Pesquisa desvenda enigmático ritual funerário com caixões suspensos
SÃO PAULO, SP (UOL/FOLHAPRESS) - Um estudo recente desvendou um dos maiores mistérios da arqueologia chinesa: a identidade dos responsáveis pela tradição dos caixões suspensos, vistos há milênios em penhascos no sul do país.
A pesquisa foi publicada na revista Nature e conduzida por especialistas chineses e internacionais. Em conjunto, eles analisaram o DNA de onze indivíduos com mais de 2 mil anos recuperados em sítios arqueológicos chineses, além de restos mortais de quatro pessoas que estavam em caixões suspensos na Tailândia, onde o ritual também era praticado.
Paralelamente, os pesquisadores sequenciaram o genoma de 30 pessoas vivas pertencentes ao grupo étnico Bo. A comparação genética revelou que os Bo modernos herdam grande parte de suas origens dos praticantes dessa tradição funerária.
"Nossos resultados indicam que o povo Bo atual deriva uma proporção substancial de sua ancestralidade de praticantes da tradição funerária do caixão suspenso", disseram pesquisadores, em estudo publicado na Nature
Outro ponto importante revelado pela pesquisa é que, mesmo há mil anos, as comunidades que utilizavam caixões suspensos já apresentavam forte diversidade e mistura genética. Em um único sítio em Yunnan, foram encontrados indivíduos com origens distintas, o que aponta para um grau de mobilidade e intercâmbio cultural maior do que se imaginava.

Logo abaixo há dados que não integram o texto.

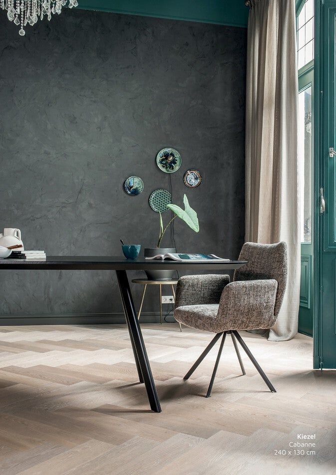 Met een organische vorm waag je de sprong in het diepe en kies je voor echt iets origineels. De kiezelvorm leent zich perfect voor een grote, opvallende tafel. Kies uit verschillende kleuren en soorten eiken en diverse onderstellen.

Com isso, o mistério secular ganha respostas concretas. Os descendentes diretos dessas populações ainda vivem hoje, mostrando que os laços genéticos sobreviveram por milênios no sul da China.
QUEM SÃO OS BO?
O povo Bo é um grupo étnico minoritário que vive principalmente em Yunnan e Sichuan. Historicamente, sua cultura sofreu forte declínio durante antigas dinastias chinesas, especialmente após conflitos que quase dizimaram o grupo.
Parte dos sobreviventes se misturou a outras populações locais. Hoje em da, seus descendentes mantêm traços culturais fragmentados, com poucos registros oficiais preservados.
POR QUE OS CAIXÕES ERAM SUSPENSOS?
Para muitos povos asiáticos antigos, a altura simbolizava proximidade com o céu, os ancestrais e as divindades. Suspender os caixões, portanto, era uma forma de honrar o espírito e garantir uma passagem digna para a vida após a morte.
"O sepultamento em caixões suspensos consistia em colocar o corpo em um caixão de madeira fixado em penhascos, cavernas ou fendas rochosas, geralmente próximos a rios ou regiões montanhosas", disseram pesquisadores.
Além disso, o ritual também tinha funções práticas. Proteger os mortos de enchentes, saqueadores e animais, garantindo a integridade da sepultura.
A pesquisa indica ainda que o ritual não era destinado a todos. Muitos dos enterrados dessa forma provavelmente eram líderes, guerreiros ou indivíduos de prestígio, recebendo tratamento especial.
Acredita-se que a tradição tenha desaparecido há cerca de 600 anos, devido a ataques constantes e à perseguição que o grupo sofreu. A partir daí, outros métodos de sepultamento -como em cavernas- passaram a ser utilizados em regiões da China, Tailândia e Taiwan.
O estudo resolve um enigma arqueológico que perdurava por séculos. Assim, oferece visibilidade e identidade a um povo historicamente marginalizado.